Ion-dipole complex formation from deprotonated phenol fatty acid esters evidenced by using gas-phase labeling combined with tandem mass spectrometry
Author(s) -
Françoise Fournier,
B. Rémaud,
Thierry Blasco,
JeanClaude Tabet
Publication year - 1993
Publication title -
journal of the american society for mass spectrometry
Language(s) - English
Resource type - Journals
SCImago Journal Rank - 0.961
H-Index - 127
eISSN - 1879-1123
pISSN - 1044-0305
DOI - 10.1016/1044-0305(93)85057-5
Subject(s) - chemistry , dissociation (chemistry) , proton affinity , isomerization , infrared multiphoton dissociation , tandem mass spectrometry , photochemistry , collision induced dissociation , ketene , phenol , deprotonation , moiety , mass spectrometry , medicinal chemistry , ion , organic chemistry , chromatography , protonation , catalysis
The behavior of para-hydroxy-benzyl and hydroxy-phenylethyl fatty acid esters and methoxy derivatives toward the NH3/NH2 (-) system was investigated. Under these negative ion chemical ionization (NICI) conditions, proton abstraction takes place mainly at the more acidic site (i.e., phenol); however, this reaction is not entirely regioselective. Using NICI-ND3 conditions, both isomeric phenoxide and enolate molecular species are produced in competition from these phenol esters. Their respective low-energy collision-activated dissociation spectra are studied, and they strongly differ, showing that these molecular species are not convertible to a common structure. Analysis of specific fragmentations of the OD-enolate parent species labeled by ND3 in the gas phase, indicates that by charge-promoted cleavage, isomerization into an ion-dipole intermediate takes place prior to dissociation. This complex, containing a ketene moiety, isomerizes into different isomeric forms via two consecutive proton transfers: the first, which is very exothermic, is irreversible in contrast to the second, less exothermic reaction, which occurs via a reversible process.

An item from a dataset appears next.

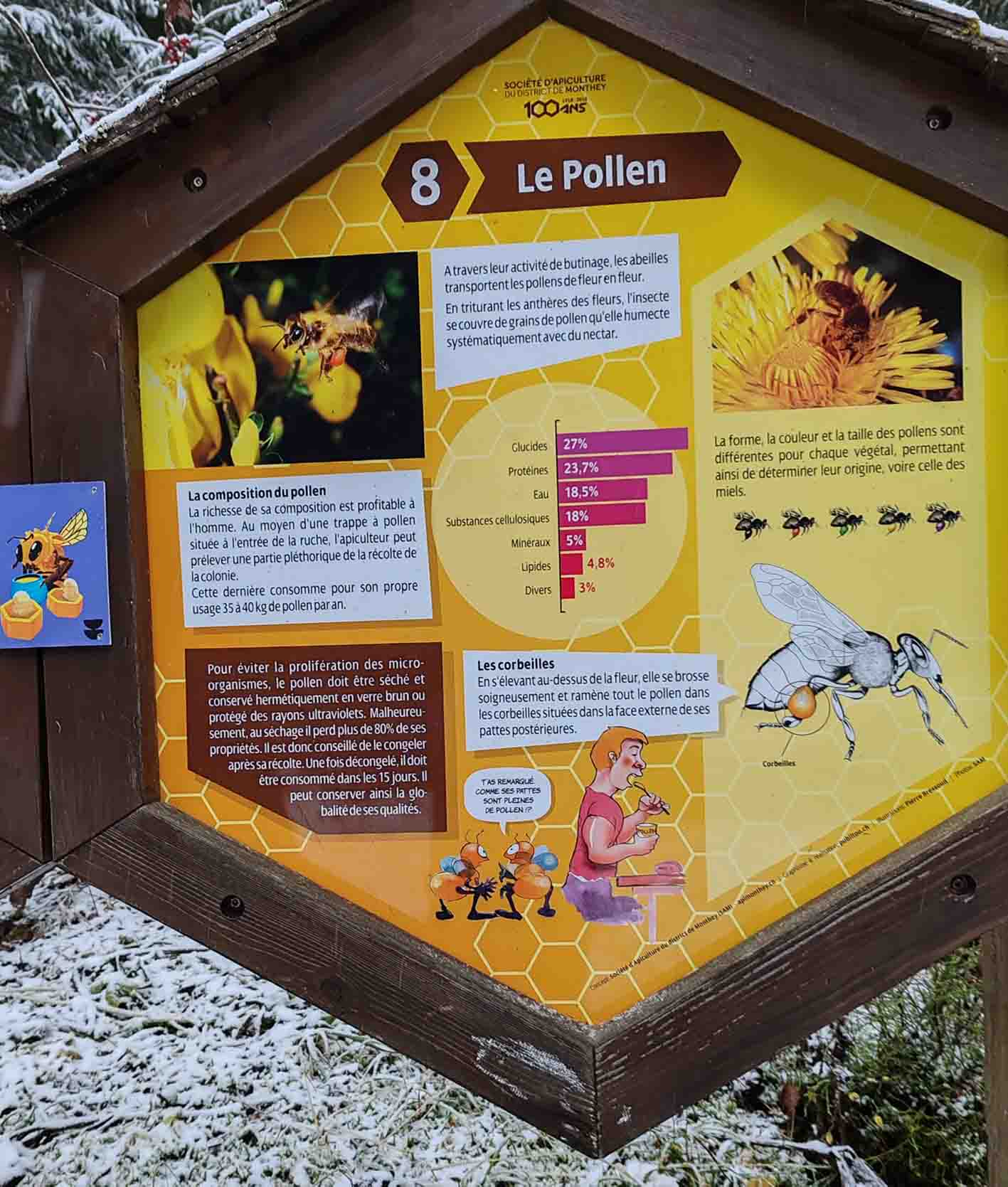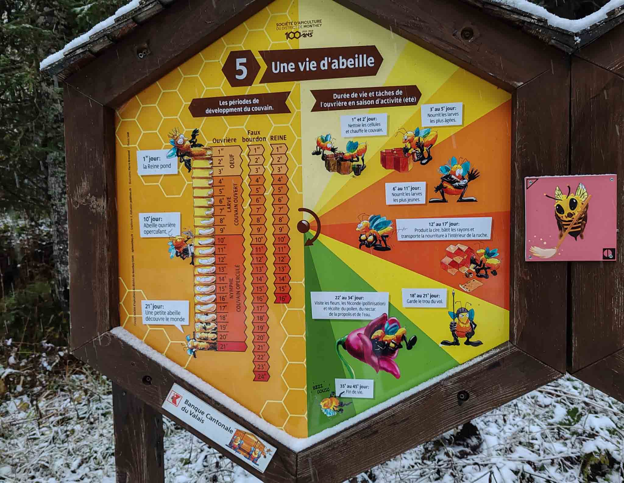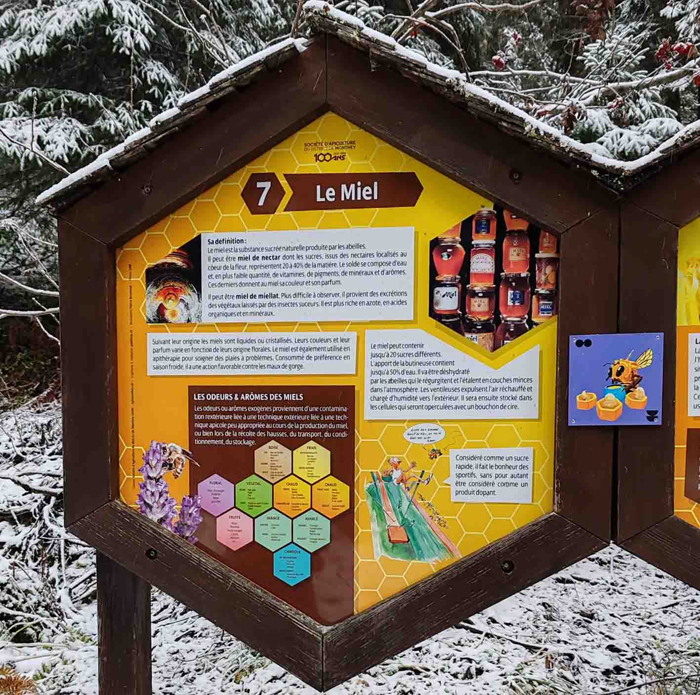 Le sentier met également en lumière le monde fascinant des abeilles : leur cycle de vie selon leur rôle au sein de la ruche, les particularités de la reine, les caractéristiques du miel, la composition du pollen ou encore l’importance de la propolis et de la gelée royale. Une approche pédagogique qui permet de découvrir les bienfaits du miel et les principes de l’apithérapie, tout en sensibilisant à l’importance de la préservation des pollinisateurs. Consultez les panneaux ci-dessous pour plus d’informations.

It is evidenced by the loss of labeling at phenol or enolizable sites in the fragment ions. Such a stepwise process does not take place from the phenoxide parent ion, which preferentially yields a very stable carboxylate ion. A thermochemical approach, using estimated acidity values, yields a rationalization of the observed reactivities of the various substrates studied.